======== Supplied material ========

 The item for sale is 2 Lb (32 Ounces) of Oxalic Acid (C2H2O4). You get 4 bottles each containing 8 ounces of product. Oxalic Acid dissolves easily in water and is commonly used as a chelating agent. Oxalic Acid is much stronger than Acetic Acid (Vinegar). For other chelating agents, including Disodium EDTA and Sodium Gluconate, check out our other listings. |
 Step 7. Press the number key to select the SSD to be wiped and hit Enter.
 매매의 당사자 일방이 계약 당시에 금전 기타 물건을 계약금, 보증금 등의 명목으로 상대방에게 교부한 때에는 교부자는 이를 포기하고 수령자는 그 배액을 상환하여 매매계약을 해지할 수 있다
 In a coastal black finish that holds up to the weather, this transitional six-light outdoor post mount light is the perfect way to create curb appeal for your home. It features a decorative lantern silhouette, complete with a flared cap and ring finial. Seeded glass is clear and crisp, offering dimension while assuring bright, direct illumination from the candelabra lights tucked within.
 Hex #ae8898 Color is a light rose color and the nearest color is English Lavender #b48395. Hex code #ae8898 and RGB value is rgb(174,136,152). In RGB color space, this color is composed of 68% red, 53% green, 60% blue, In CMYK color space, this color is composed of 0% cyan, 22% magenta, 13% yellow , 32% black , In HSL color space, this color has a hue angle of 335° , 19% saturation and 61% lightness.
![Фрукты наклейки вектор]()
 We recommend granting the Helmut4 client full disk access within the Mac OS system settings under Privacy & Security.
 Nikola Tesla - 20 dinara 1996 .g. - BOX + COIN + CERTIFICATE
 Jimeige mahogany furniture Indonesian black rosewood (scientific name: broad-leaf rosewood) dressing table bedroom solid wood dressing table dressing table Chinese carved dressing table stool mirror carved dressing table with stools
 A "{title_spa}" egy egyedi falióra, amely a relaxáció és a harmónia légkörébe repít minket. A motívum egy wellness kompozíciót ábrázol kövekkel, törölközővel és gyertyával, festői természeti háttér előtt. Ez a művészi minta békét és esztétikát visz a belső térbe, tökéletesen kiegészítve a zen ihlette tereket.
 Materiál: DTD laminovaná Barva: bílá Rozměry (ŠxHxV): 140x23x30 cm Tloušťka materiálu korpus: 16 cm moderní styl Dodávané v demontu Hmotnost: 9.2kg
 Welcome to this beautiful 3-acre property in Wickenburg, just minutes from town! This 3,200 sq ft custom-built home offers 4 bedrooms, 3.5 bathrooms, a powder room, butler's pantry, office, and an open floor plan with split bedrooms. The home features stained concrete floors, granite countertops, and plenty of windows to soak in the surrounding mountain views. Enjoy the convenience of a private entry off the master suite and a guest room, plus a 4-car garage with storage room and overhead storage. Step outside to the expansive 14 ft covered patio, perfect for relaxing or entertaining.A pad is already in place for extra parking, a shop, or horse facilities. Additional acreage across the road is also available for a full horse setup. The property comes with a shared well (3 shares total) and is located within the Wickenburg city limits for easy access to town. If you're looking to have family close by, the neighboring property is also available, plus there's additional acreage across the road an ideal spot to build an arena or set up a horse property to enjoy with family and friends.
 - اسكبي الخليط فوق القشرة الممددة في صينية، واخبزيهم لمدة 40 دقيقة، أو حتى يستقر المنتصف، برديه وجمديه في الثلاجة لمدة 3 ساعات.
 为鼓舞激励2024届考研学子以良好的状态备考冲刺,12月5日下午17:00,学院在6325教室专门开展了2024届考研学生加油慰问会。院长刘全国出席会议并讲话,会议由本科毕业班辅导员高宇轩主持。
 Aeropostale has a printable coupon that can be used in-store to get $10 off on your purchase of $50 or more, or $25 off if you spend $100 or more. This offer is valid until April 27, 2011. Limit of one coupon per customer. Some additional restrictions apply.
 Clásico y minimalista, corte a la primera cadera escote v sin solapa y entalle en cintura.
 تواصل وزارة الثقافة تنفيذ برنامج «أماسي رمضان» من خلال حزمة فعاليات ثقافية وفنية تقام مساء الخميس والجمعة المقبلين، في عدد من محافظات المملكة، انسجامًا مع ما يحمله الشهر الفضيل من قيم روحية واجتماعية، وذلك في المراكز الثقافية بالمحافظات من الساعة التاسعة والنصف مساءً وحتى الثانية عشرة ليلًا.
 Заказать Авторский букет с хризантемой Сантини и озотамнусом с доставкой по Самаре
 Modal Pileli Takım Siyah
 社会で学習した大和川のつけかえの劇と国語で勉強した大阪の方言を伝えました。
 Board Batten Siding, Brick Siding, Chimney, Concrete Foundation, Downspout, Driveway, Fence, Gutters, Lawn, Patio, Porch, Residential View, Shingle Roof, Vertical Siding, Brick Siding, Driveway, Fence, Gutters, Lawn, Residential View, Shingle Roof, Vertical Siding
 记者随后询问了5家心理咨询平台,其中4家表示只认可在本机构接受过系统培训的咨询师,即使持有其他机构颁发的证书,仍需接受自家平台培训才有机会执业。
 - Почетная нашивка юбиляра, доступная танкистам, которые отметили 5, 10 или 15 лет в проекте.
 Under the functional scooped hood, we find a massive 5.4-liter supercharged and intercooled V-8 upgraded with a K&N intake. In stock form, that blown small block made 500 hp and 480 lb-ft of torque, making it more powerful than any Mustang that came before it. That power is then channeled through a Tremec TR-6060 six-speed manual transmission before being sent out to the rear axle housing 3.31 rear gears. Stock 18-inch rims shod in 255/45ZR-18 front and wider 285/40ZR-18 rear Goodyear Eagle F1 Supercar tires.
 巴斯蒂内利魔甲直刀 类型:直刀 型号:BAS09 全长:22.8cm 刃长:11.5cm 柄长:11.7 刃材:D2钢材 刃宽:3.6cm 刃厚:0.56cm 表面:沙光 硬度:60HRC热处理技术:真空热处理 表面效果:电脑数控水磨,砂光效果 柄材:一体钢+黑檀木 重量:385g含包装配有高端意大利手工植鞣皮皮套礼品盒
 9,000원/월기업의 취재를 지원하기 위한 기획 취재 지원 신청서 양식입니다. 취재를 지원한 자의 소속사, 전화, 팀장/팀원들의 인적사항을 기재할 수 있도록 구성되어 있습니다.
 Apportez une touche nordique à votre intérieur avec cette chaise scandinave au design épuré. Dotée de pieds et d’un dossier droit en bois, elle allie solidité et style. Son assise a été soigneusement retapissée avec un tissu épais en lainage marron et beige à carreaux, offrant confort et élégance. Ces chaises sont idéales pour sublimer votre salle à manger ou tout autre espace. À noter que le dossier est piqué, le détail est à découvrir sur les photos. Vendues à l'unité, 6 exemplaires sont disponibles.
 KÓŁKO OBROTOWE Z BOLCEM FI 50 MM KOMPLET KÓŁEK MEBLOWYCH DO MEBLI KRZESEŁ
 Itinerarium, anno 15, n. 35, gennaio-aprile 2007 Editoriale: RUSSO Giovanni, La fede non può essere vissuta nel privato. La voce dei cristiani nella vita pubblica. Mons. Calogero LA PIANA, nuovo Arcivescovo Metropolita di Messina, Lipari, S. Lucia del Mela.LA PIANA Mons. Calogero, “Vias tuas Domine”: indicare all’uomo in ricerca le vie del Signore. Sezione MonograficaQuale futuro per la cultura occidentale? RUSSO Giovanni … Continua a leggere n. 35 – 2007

========

## What the exercise asks
Each line from the top of the material above through the line containing "매매의 당사자 일방이" must be output exactly, and no other line.

## Task response
 The item for sale is 2 Lb (32 Ounces) of Oxalic Acid (C2H2O4). You get 4 bottles each containing 8 ounces of product. Oxalic Acid dissolves easily in water and is commonly used as a chelating agent. Oxalic Acid is much stronger than Acetic Acid (Vinegar). For other chelating agents, including Disodium EDTA and Sodium Gluconate, check out our other listings. |
 Step 7. Press the number key to select the SSD to be wiped and hit Enter.
 매매의 당사자 일방이 계약 당시에 금전 기타 물건을 계약금, 보증금 등의 명목으로 상대방에게 교부한 때에는 교부자는 이를 포기하고 수령자는 그 배액을 상환하여 매매계약을 해지할 수 있다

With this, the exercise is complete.